Stored items

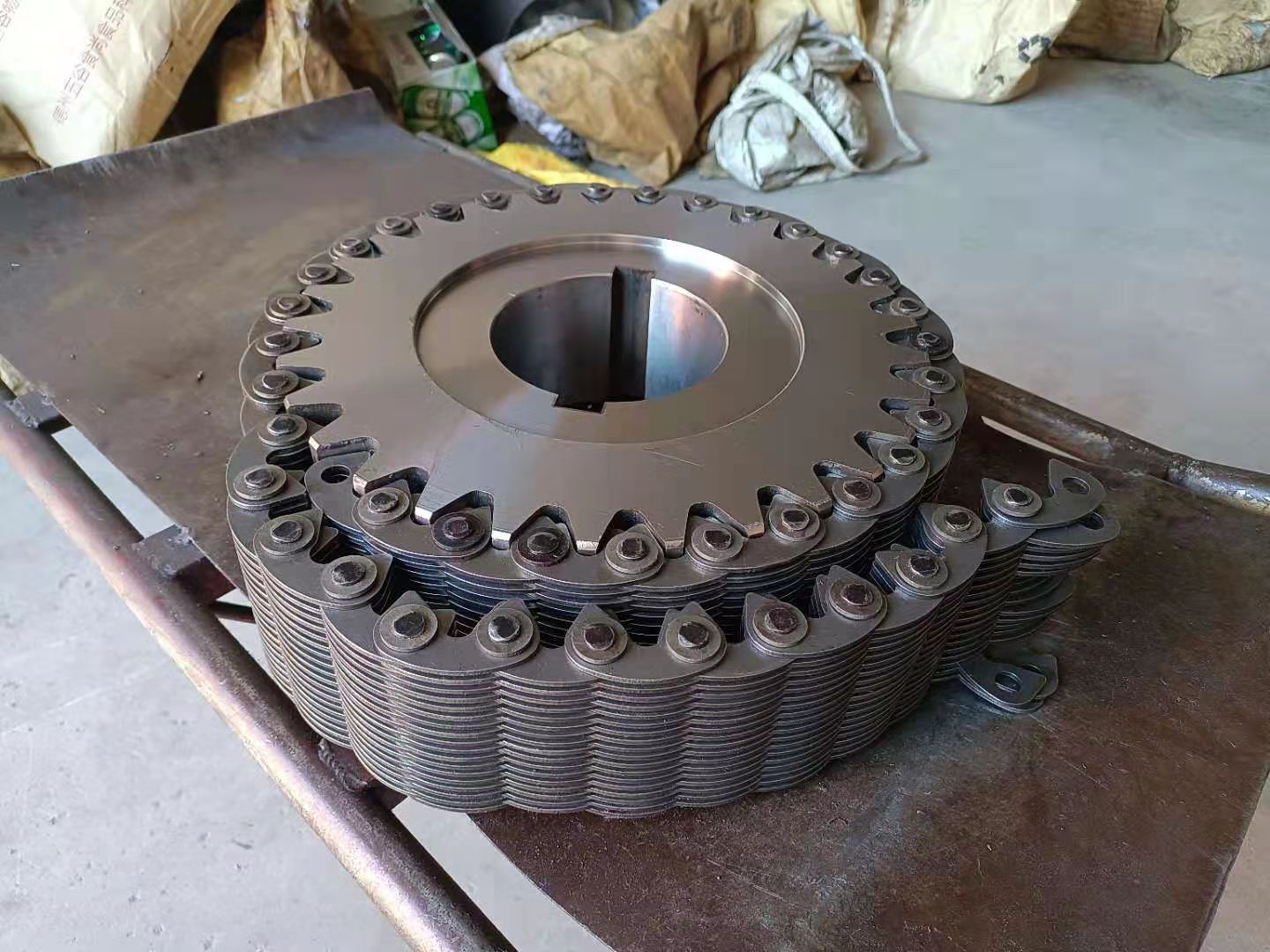 無聲鏈 齒形鏈輪 無聲鏈:也叫齒形鏈條,采用無聲齒形鏈輪帶動(dòng)運(yùn)轉(zhuǎn)傳動(dòng)。寧津縣榮達(dá)機(jī)械制造有限責(zé)任公司定做各種無聲齒形鏈條,無聲齒形鏈輪。我們根據(jù)客戶自己的情況,客戶選型成功,我們根據(jù)客戶的數(shù)據(jù)非標(biāo)定做各種齒形鏈條和無聲齒形鏈輪。齒形鏈條節(jié)距4.7625,6.35 9.525 12.7 15.875 19.05 25.4 31.75 38.1毫米的鏈條都能做,無聲齒形鏈輪根據(jù)客戶的齒數(shù)和外徑,內(nèi)孔,鍵槽定做。無聲齒形鏈條的獨(dú)特優(yōu)點(diǎn):高速,無噪音,高承載傳動(dòng)能力,轉(zhuǎn)矩大等等優(yōu)點(diǎn),逐漸取代精密滾子鏈條和同步帶。
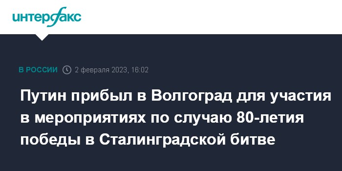 Москва. 2 февраля. INTERFAX.RU - Президент РФ Владимир Путин прибыл в Волгоград, где он посетит ряд мемориальных мероприятий по случаю 80-летия победы в Сталинградской битве.
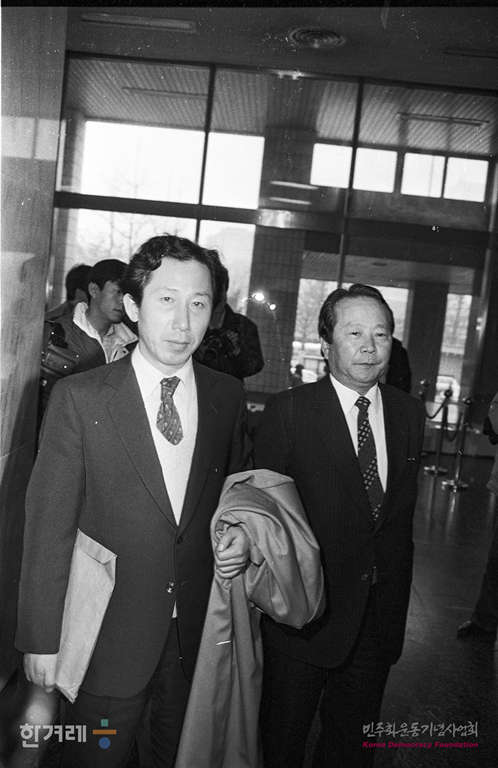 - 1988년 12월 27일 김근태씨를 고문한 성명불상의 고문기술자로 밝혀진 경기도경 공안분실장 이근안 경감에 대한 수사를 5공비리 척결차원에서 덤찰 5공비리 특별수사부가 조사토록 결정되자 김근태 서울지검으로 출두하고 있다
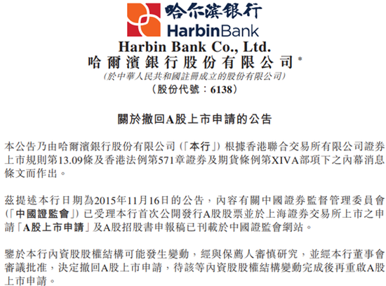 公开资料显示,哈尔滨银行成立于1997年2月,总部位于哈尔滨市。2014年3月31日,哈尔滨银行登陆香港联交所。紧接着,在2015年,哈尔滨银行便提出了在A股上市的计划,意图实现“A+H”两地上市。但在2018年3月16日,哈尔滨银行突然发布了《关于撤回A股上市申请的公告》,公告指出,“鉴于本行内资股股权结构可能发生变动,经与保荐人审慎研究,并经本行董事会审议批准,决定撤回A股上市申请,待该等内资股股权结构变动完成后再重启A股上市申请。”同年3月28日,证监会对哈尔滨银行的A股IPO作出了终止审查的决定。
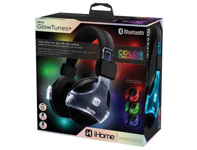 Enjoy high-quality audio from your Bluetooth-enabled device when you connect to the iHome iB91 Color-Changing Wireless Headphones, which feature a 40 mm driver and a neodymium magnet for crisp, clear sound. Time the color-changing effects with the music, select a glowing spectrum of colors or simply light up your favorite color for a fun design. An on-ear remote allows you to pause, play and skip tracks, and the echo-cancelling microphone lets you answer and end calls without reaching for your device. Attach the included 72" cable for simple wired listening, and adjust the padded headband for your comfort.
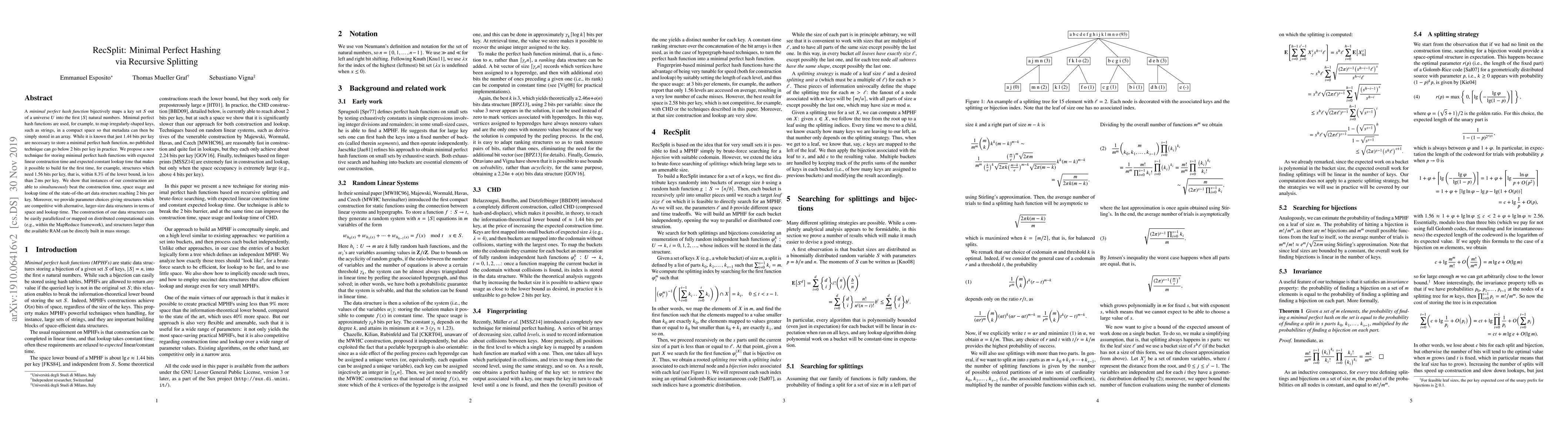 RecSplit introduces a novel technique for constructing minimal perfect hash functions that achieves near-optimal bit usage per key (1.56 bits) and significantly outperforms existing methods in construction time, space efficiency, and lookup speed. The method enables linear construction time and constant lookup time, and it can be parallelized for scalability.
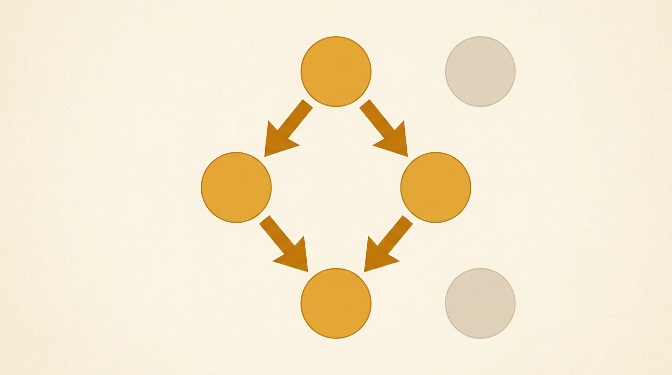 Directional edges between nodes show which events cause or enable others. The isolated node with no connections is a dangling plot thread, made visible by the structure itself.
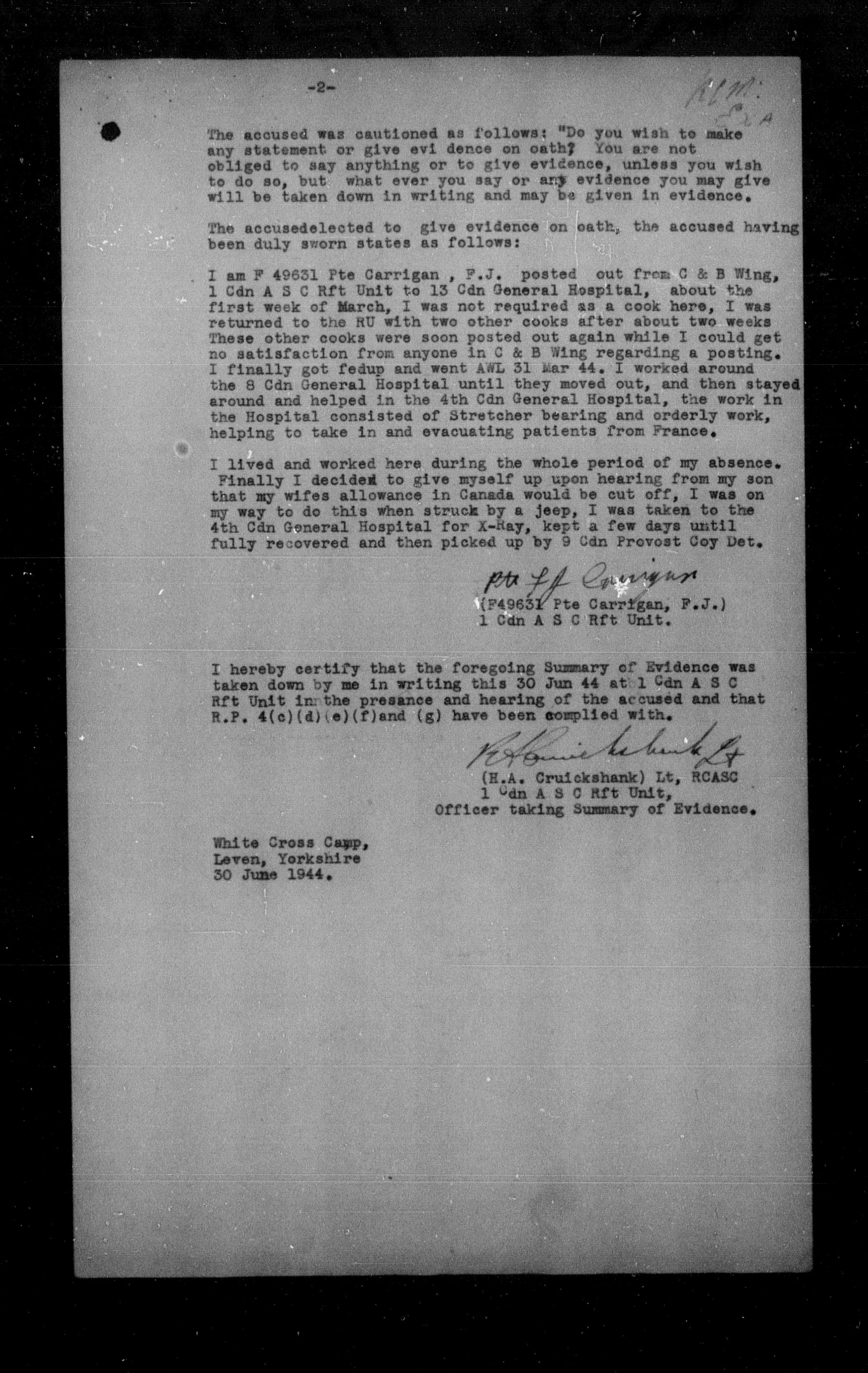 Canadian Army Courts Martial documents (1939-1945) - 15596

Task description
Could you write out the records again exactly, omitting each image?

Written answer
 無聲鏈 齒形鏈輪 無聲鏈:也叫齒形鏈條,采用無聲齒形鏈輪帶動(dòng)運(yùn)轉(zhuǎn)傳動(dòng)。寧津縣榮達(dá)機(jī)械制造有限責(zé)任公司定做各種無聲齒形鏈條,無聲齒形鏈輪。我們根據(jù)客戶自己的情況,客戶選型成功,我們根據(jù)客戶的數(shù)據(jù)非標(biāo)定做各種齒形鏈條和無聲齒形鏈輪。齒形鏈條節(jié)距4.7625,6.35 9.525 12.7 15.875 19.05 25.4 31.75 38.1毫米的鏈條都能做,無聲齒形鏈輪根據(jù)客戶的齒數(shù)和外徑,內(nèi)孔,鍵槽定做。無聲齒形鏈條的獨(dú)特優(yōu)點(diǎn):高速,無噪音,高承載傳動(dòng)能力,轉(zhuǎn)矩大等等優(yōu)點(diǎn),逐漸取代精密滾子鏈條和同步帶。
 Москва. 2 февраля. INTERFAX.RU - Президент РФ Владимир Путин прибыл в Волгоград, где он посетит ряд мемориальных мероприятий по случаю 80-летия победы в Сталинградской битве.
 - 1988년 12월 27일 김근태씨를 고문한 성명불상의 고문기술자로 밝혀진 경기도경 공안분실장 이근안 경감에 대한 수사를 5공비리 척결차원에서 덤찰 5공비리 특별수사부가 조사토록 결정되자 김근태 서울지검으로 출두하고 있다
 公开资料显示,哈尔滨银行成立于1997年2月,总部位于哈尔滨市。2014年3月31日,哈尔滨银行登陆香港联交所。紧接着,在2015年,哈尔滨银行便提出了在A股上市的计划,意图实现“A+H”两地上市。但在2018年3月16日,哈尔滨银行突然发布了《关于撤回A股上市申请的公告》,公告指出,“鉴于本行内资股股权结构可能发生变动,经与保荐人审慎研究,并经本行董事会审议批准,决定撤回A股上市申请,待该等内资股股权结构变动完成后再重启A股上市申请。”同年3月28日,证监会对哈尔滨银行的A股IPO作出了终止审查的决定。
 Enjoy high-quality audio from your Bluetooth-enabled device when you connect to the iHome iB91 Color-Changing Wireless Headphones, which feature a 40 mm driver and a neodymium magnet for crisp, clear sound. Time the color-changing effects with the music, select a glowing spectrum of colors or simply light up your favorite color for a fun design. An on-ear remote allows you to pause, play and skip tracks, and the echo-cancelling microphone lets you answer and end calls without reaching for your device. Attach the included 72" cable for simple wired listening, and adjust the padded headband for your comfort.
 RecSplit introduces a novel technique for constructing minimal perfect hash functions that achieves near-optimal bit usage per key (1.56 bits) and significantly outperforms existing methods in construction time, space efficiency, and lookup speed. The method enables linear construction time and constant lookup time, and it can be parallelized for scalability.
 Directional edges between nodes show which events cause or enable others. The isolated node with no connections is a dangling plot thread, made visible by the structure itself.
 Canadian Army Courts Martial documents (1939-1945) - 15596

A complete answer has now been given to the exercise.